Though minimalism is inarguably trendy right now, it is not so much a trend as it is a countertrend. It’s what would be left if you stripped society of all the glitz and glam – the commercialism and consumerism – and returned it to its bare bones. Minimalism is much like a prepackaged toilette for a girl wearing too much makeup: it washes away all of the things we simply don’t need, leaving more room for the things we do need.
“Get rid of anything that doesn’t spark joy,” writes Marie Kondo, organization guru and author of the bestselling book, The Life-Changing Magic of Tidying Up. In her compact digest, Kondo instructs how to make the (sometimes daunting) transition into a clutter-less existence: first, by cleansing your life and your spaces of things that don’t “spark joy,” and second, by surrounding yourself with the joy-sparking mementos that remain. The ultimate aim is to fill your life exclusively with things that bring significance and purpose.

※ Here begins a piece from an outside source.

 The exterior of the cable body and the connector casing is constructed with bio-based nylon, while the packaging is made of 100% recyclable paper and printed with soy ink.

As Kondo discusses, and as the WHOLE ENTIRE INTERNET can’t stop talking about, we stand to gain a lot from shedding our material dependence. Here are seven important reasons why we all should consider minimalistic living:
- It’s economically smart.
Probably the prevalent pro of becoming a minimalist is that you’ll spend less money. Further, you’ll realize you don’t need to spend money to be happy. This sets you up for a life of minimal spending and maximum contentedness.
- It’s environmentally kind.
Another über trend right now is being nice to the planet. Becoming a minimalist is a great way to do just that. The less we consume, the less damage we do to the environment.

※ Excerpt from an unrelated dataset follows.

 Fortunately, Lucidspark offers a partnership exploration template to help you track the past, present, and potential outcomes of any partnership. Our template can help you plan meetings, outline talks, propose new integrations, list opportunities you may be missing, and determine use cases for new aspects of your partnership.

- You stand to gain a clearer desk and a clearer mind.
It may not seem monumental in the moment, but something as small as not being able to find something in your room, or misplacing an important token, can weigh on your mind and increase your irritability and stress levels. Clutter bombards our minds with excessive stimuli, which can result in signals to our brain that we have unfinished work to do, making it difficult to fully relax. Mess equals stress, so eliminate the clutter and you stand to gain a clearer mind.
- All your friends are doing it!
I’m not typically one to hum the Rah! Rah! Peer Pressure tune, but bandwagoning is okay if it’s for a genuinely good cause, right? Maybe the prospect of being a trend-following lemming doesn’t float your boat, but if that’s the case, you definitely should not be encouraging consumerism – perhaps the largest act of lemming-like conformity of all time.
- It makes you realize what’s truly important.
Here’s a spoiler: it’s not material possessions. The act of becoming a minimalist alone forces you to reevaluate what’s important to you. We tend to hold on to things for sentimental reasons, when really we should be doing the opposite: getting rid of things that have sentimental attachment, leaving room for the new. It’s important to realize that the disposal of belongings does not necessarily mean disposing of the sentiment.
- You’ll also realize that stuff isn’t as important as you thought.
Minimalism is really about quality over quantity. It is better to just own a few things that you really love, rather than a bunch of things toward which you’re indifferent.
- It gets you one step closer to being happy.
And isn’t happiness what we’re all chasing anyway?